代写 R C algorithm Scheme statistic #########################################################

#########################################################
################### BTRY 4520 ###########################
################## Homework 5 ###########################
############## Due: May 3, 2019 #########################
#########################################################

# Instructions: save this file in the format _HW5Q1.R.
# Complete each question using code below the question number.
# You need only upload this file to CMS.

# Note, we assume your working directory contains any files
# that accompany this one.

# Further note: 10% will be deducted if your file produces
# an error when run. If your code produces an error and you
# cannot find it, comment out that portion of the code and we
# will give partial credit for it.

# Do not use either the function set.seed() or rm(list=ls())
# in your code.

####################################
# Question 1: Logistic Regression #
####################################

# Logistic regression is used to model a binary outcome in terms
# of covariates. That is, we have data (Y_i,X_i) where Y_i is
# either 0 or 1, and we need to model P(Y = 1|X).

# Here we observe the constraints that this is a probability
# and must be between 0 and 1. A common way to achieve this is
# to write
#
# P(Y = 1|X,b) = g( b0 + b1 X1 + … + bp Xp )
#
# for some coefficients b = (b0,b1,…,bp).

# The function g now makes sure that the input is between 0 and 1.
# A classical choice of this is
#
# g(z) = exp(z)/(1+exp(z))
#
# Below you may also find it useful to observe that
#
# g'(z) = g(z)(1-g(z))

# For this question we will use the data in

grains = read.table(‘SpiderBeach.txt’,head=TRUE)

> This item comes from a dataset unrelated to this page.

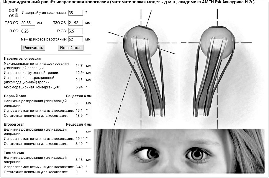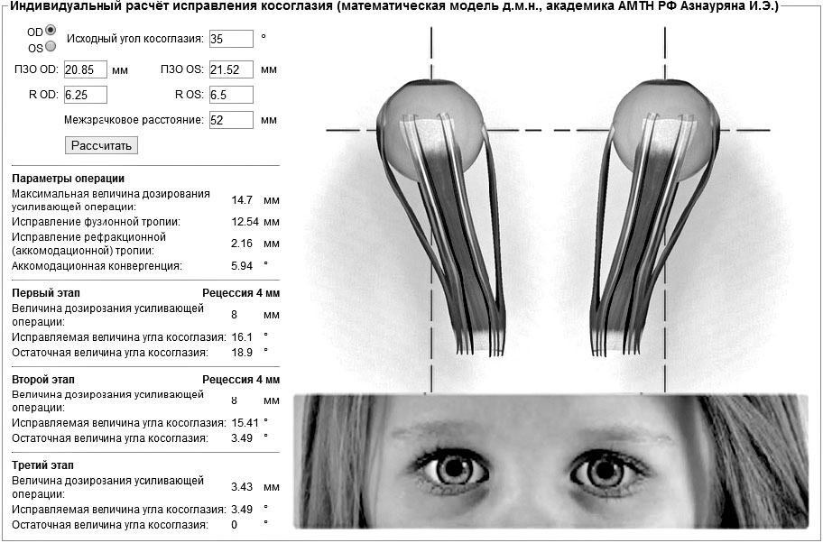 Технология носит название «СТРАБО» (система математического моделирования) и позволяет рассчитать точность операции до десятой доли миллиметра с учетом индивидуальной анатомии глаз вашего ребенка (длину передней оси глаза, расстояние между зрачками, угол косоглазия, величину дальнозоркости). Например, высчитывается величина поворота глазного яблока, чтобы была достигнута симметрия зрительных осей.

# which records the size of sand grains on 28 Japanese beaches
# and whether the burrowing wolf spider was found there. If
# we plot

plot( spiders ~ grain.size, data = grains)

# we can see an apparent increase in the likelihood of coming
# across spiders as grain sizes increase.

# A) Implement a function to take a matrix X, and a vector b and
# return the vector of probabilities P(Y=1|X)

LogistProb = function(X,b)
{

}

# B) Given data, we would like to estimate b. To do this we will
# maximize the likelihood of our observed outcomes. That is
#
# L(b) = prod P(Y=1|X,b)^Y * (1- P(Y=1|X,b))^(1-Y)
#
# (if you think about this, the terms in the product are
# P(Y=1|X,b) if Y is 1, and P(Y=0,X,b) if Y is 0).
#
# However, we generally use the log of the likelihood
#
# l(b) = sum Y log P(Y=1|X,b) + (1-Y) log( 1-P(Y=1|X,b) )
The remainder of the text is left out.